Chapter 5 Emilio

Panic wakes me up. The nightmares chase me into reality. I jolt upward, fighting against the weight on me.

“Shh, you’re fine, Little Monster. Be still.” I shudder at Tennant’s voice.

We’re out. We’re alive. We’re home… We’re home.

I flinch, looking around desperately. Roman is curled up beside me, and my heart melts at how tense he is, even in sleep.

Ignacio is sitting next to him, a grimace of pain flashing across his face as he moves.

And next to him… I gasp, recoiling, desperately wanting to pull my gaze away from my Owner.

I tear at the mask covering my face, but Tennant’s strong hand stops me. It’s the only thing that lets me break away from staring at Hollis. I equally want to both tell him I love him, and frantically run away. I…I can’t face him.

I whimper, the sound tearing from me. It wakes Roman up, and he looks up at me, his eyes so full of love and pain, it only crushes me more.

He scrambles to hold onto me as involuntary shudders grab hold of me.

But it only makes it worse, as if he’s trying to hold me together when the parts of me desperately want to shatter.
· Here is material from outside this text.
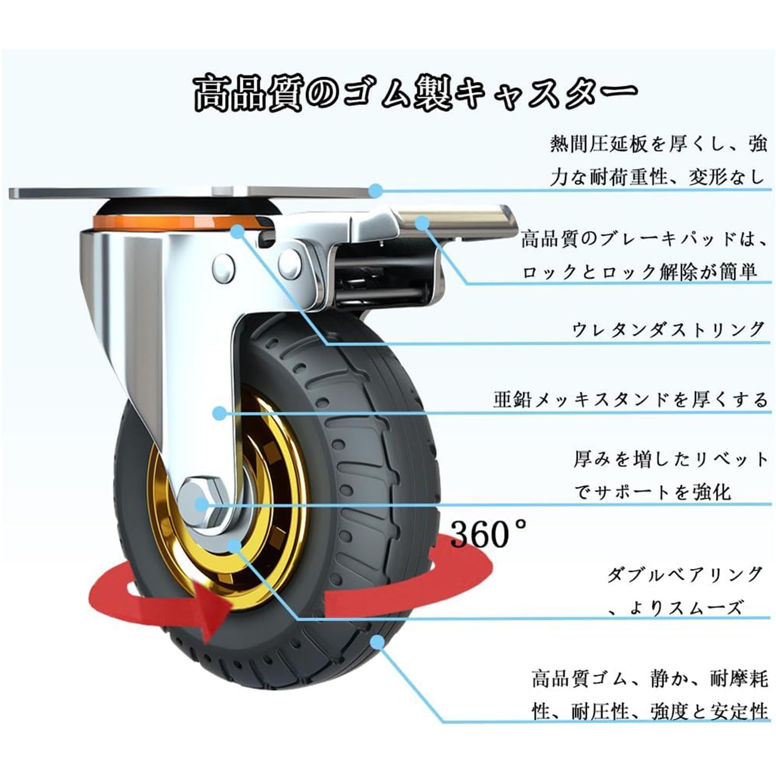[ブレーキ付き6インチキャスター]キャスターは高品質の亜鉛メッキ鋼フレーム+耐摩耗ゴムで作られて、衝撃や振動を吸収し、静かに作業することができます。耐荷重性、耐摩耗性、防錆性があり、360度自由に移動することができ、屋内と屋外で簡単に使用できます。ブレーキ付きで、安全性を重視しながら操作性を高めています。

Voices swarm me and I hear frantic beeping, but it all seems so far away. It's like everything is under water. Shadows cast around me as my vision narrows, and all of my thoughts scatter. My very blood itches with the desire to be free. Fuck.

“Everyone! Get back!” Sarah’s strong voice cuts through the chaos.

Roman curses loudly as he’s lifted away. I cower from the sound. Everything spins, as if I'm staring through a kaleidoscope, and I barely notice when they push meds through the IV, and blessed calm follows it. My eyes feel heavy, but I fight against it.

“Help,” I whisper to her. I’m not sure what I’m even asking for at the moment, but her wise eyes seem to understand. At least, I hope they do.

All I want is for the pain to stop. I want to disappear. To run away.

“I’ve got you, Lio,” she murmurs to me, gently pressing her hand against mine. “We’ll get you through this.”

I continue to fight against the crushing tiredness, but she murmurs nonsensical things to me, luring me into giving up the fight to stay awake. Before I close my eyes, I try again, “Help. Please.”

Only, I don’t think she understands. How can she? I can’t even force the words past my lips, but I know exactly what I want. I want to not wake up again. I want to never have to face this world…

It would be so much easier if I could just die.

I’d never have to worry about how I failed my Owner.

Or how I can never truly belong to my Daddy.

I won’t have to deal with how badly I miss Master, even though I try to hide it.

Maybe Sarah did understand. Maybe that’s why whatever she gave me is hitting so hard.

Maybe she’s setting me free… I pin my hopes on it, on the dream of never waking up again, as I fall into the blackness, a welcome friend calling me home.